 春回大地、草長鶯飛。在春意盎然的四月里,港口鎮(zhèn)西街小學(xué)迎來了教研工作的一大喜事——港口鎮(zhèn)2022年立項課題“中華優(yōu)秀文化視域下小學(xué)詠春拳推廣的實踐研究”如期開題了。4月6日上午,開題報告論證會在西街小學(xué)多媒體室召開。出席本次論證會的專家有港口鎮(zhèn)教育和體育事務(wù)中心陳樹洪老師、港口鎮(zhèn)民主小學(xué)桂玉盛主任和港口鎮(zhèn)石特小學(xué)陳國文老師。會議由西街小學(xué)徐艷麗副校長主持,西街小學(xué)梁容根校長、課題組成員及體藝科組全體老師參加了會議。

---

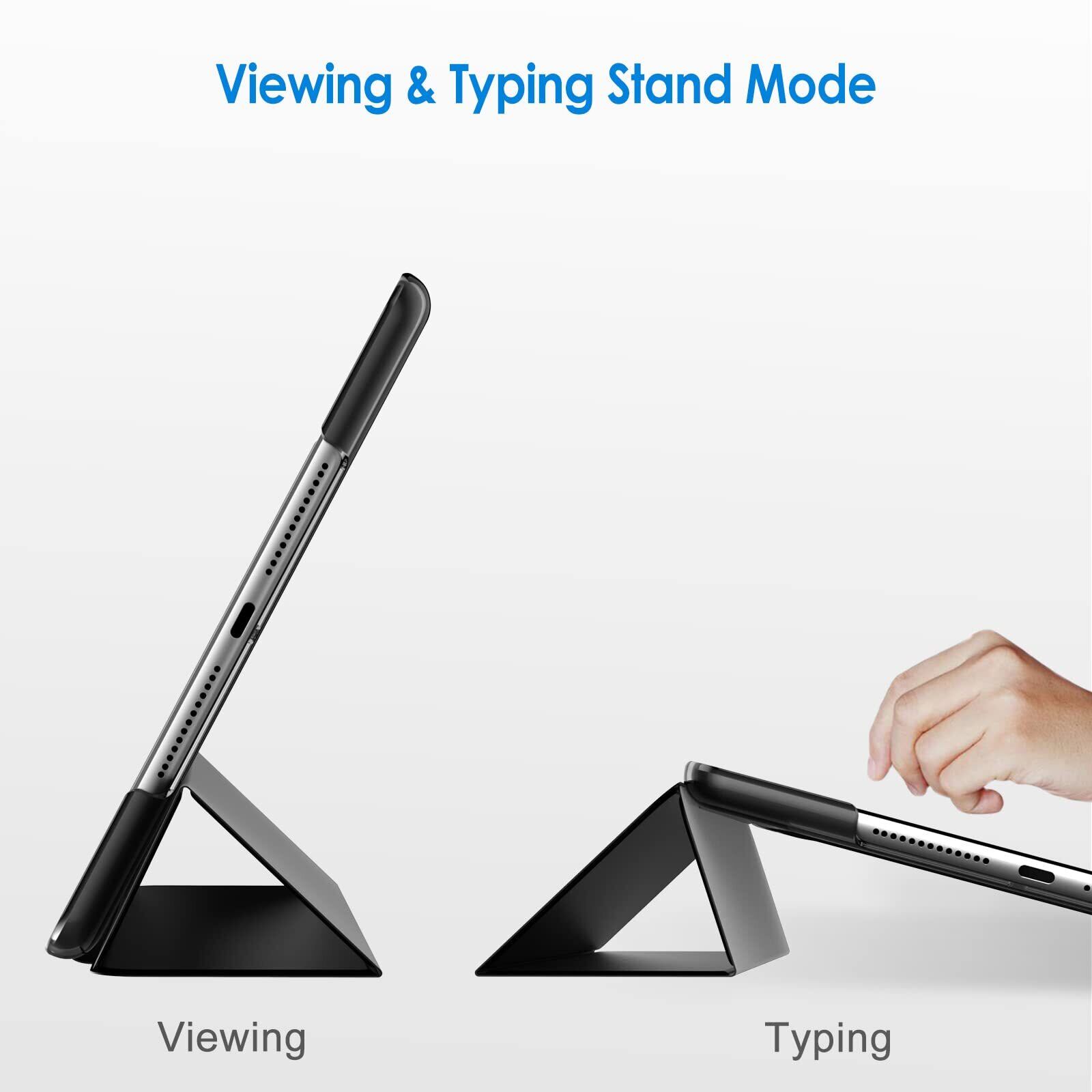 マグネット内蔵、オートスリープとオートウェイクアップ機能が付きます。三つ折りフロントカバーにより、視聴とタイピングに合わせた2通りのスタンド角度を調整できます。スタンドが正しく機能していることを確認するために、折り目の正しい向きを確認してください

---

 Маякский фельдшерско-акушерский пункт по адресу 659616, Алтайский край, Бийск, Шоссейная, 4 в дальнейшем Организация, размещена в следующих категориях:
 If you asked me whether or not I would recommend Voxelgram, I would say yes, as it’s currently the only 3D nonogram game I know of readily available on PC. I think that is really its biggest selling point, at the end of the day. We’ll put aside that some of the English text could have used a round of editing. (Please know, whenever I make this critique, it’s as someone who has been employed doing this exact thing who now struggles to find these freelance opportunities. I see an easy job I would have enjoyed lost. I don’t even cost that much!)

> WORK REQUIRED
Retype the entries above exactly, but only from the line containing "Маякский фельдшерско-акушерский пункт" through the line containing "If you asked", both included.

> OUTPUT OF THE TASK
 Маякский фельдшерско-акушерский пункт по адресу 659616, Алтайский край, Бийск, Шоссейная, 4 в дальнейшем Организация, размещена в следующих категориях:
 If you asked me whether or not I would recommend Voxelgram, I would say yes, as it’s currently the only 3D nonogram game I know of readily available on PC. I think that is really its biggest selling point, at the end of the day. We’ll put aside that some of the English text could have used a round of editing. (Please know, whenever I make this critique, it’s as someone who has been employed doing this exact thing who now struggles to find these freelance opportunities. I see an easy job I would have enjoyed lost. I don’t even cost that much!)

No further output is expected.